深刻な多忙化が問題となっている教員の長時間勤務是正に向け、青森県教育委員会は25日、「学校における働き方改革プラン」を策定した。新年度から2022年までの3年間で、時間外勤務(残業)の25%削減を目標に掲げた。今後、全市町村教委に同様の計画を策定するよう働き掛ける。同日の定例会で委員に報告した。

 時間外勤務の上限は国の指針と同様に「原則月45時間、年360時間」とした。県教委が18年度に行った抽出調査によると、高校教諭・講師の残業は月約59時間で、25%削減すると上限の月約45時間になる。

 1カ月の残業は同じ調査で、小学校が約47時間、中学校が約71時間、特別支援学校が約25時間だった。

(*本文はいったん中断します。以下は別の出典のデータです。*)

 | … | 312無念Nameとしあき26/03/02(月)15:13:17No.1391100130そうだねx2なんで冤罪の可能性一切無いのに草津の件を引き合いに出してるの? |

 目標達成に向けて各学校には、部活動数の絞り込み、学校行事の見直しなどを実情に合わせて進めるよう求めた。県教委は教員の業務を助ける「スクールサポートスタッフ」など専門スタッフの効果的な配置、情報通信技術(ICT)の活用といった取り組みを、さらに効果的に実施できるよう検討していくとした。

 保護者や地域には、効果的な教育活動のためには教職員の負担軽減が必要として、働き方改革への理解や協力を呼び掛けている。

 これまでの県内教員の多忙化解消に向けた計画には残業の上限についての数値目標がなく、国が昨年1月に示した指針を受け新たに設定した。国の昨年7月時点の調査で、指針を踏まえた計画を策定済みなのは、県内は青森、十和田の2市教委にとどまっている。